L’autre composante de cet album particulièrement soigné, il faut l’admettre, est donc constitué de tentatives d’intégrer l’héritage pop anglais, avec les Arctic Monkeys comme modèle. Le problème est qu’avec des titres pompeux comme There Goes My Cool, on est plus proche des mauvais penchants d’un Muse ! On appréciera quand même – en dépit, répétons-le de structures mélodiques assez ordinaires – un Pull Me Through touchant, un Firing Line qui est peut-être bien l’une des producttions les plus complexes et réussies de Royal Blood à date, et la conclusion d’un Waves au texte peut-être prophétique (« But where would I go? What would I take? / If you ever find me falling away / Don’t let me choke, like I’m nothing to save » – Mais où irais-je ? Que devrais-je prendre ? / Si jamais tu me trouves en train de m’effondrer / Ne me laisse pas m’étouffer, comme si je ne valais pas la peine d’être sauvé).
Car rappelons le problème supplémentaire qu’affrontent en ce moment Royal Blood dans leur pays, la fronde – abondamment relayée sur les réseaux sociaux, où l’affaire est devenue virale et où ils sont devenus sujets de moquerie – d’un public jeune n’appréciant pas du tout leur attitude de « rock stars » arrogantes à l’ancienne (un incident ayant eu lieu au cours du Radio 1’s Big Weekend festival à Dundee !). Il n’est pas certain que dans ce contexte délicat, ce quatrième album, semblant hésiter sur le direction à prendre par le groupe, soit aussi chaudement accueilli qu’il pourrait le mériter.
Une histoire à suivre…
Eric Debarnot
En tant que fan de Death From Above 1979, je n’ai jamais tout à fait compris l’engouement de la presse anglaise à l’époque du premier album. L’effet que cela me faisait était un peu celui d’une basse-cour devant un canif.

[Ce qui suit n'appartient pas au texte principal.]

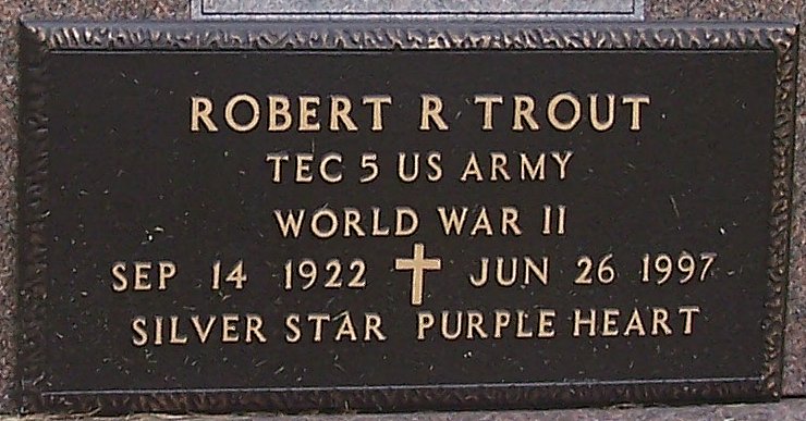 The President of the United States of America, authorized by Act of Congress July 9, 1918, takes pleasure in presenting the Silver Star to Private First Class Robert R. Trout (ASN: 35595086), United States Army, for gallantry in action while serving with the Medical Detachment, 16th Infantry Regiment, 1st Infantry Division, in action against the enemy in Normandy, France, on 6 June 1944. His gallant actions and dedicated devotion to duty, without regard for his own life, were in keeping with the highest traditions of military service and reflect great credit upon himself and the United States Army.

J’ai écouté, retenu quelques singles sympathiques (la chanson-titre du deuxième album me plait encore beaucoup), j’ai apprécié la participation de Mike Kerr aux dernières Desert Sessions, mais je suis globalement resté très en dehors du buzz autour de ce groupe. Ce n’est peut-être tout simplement pas pour moi.
Oui, je trouve en effet difficile de vraiment s’enthousiasmer devant ce groupe.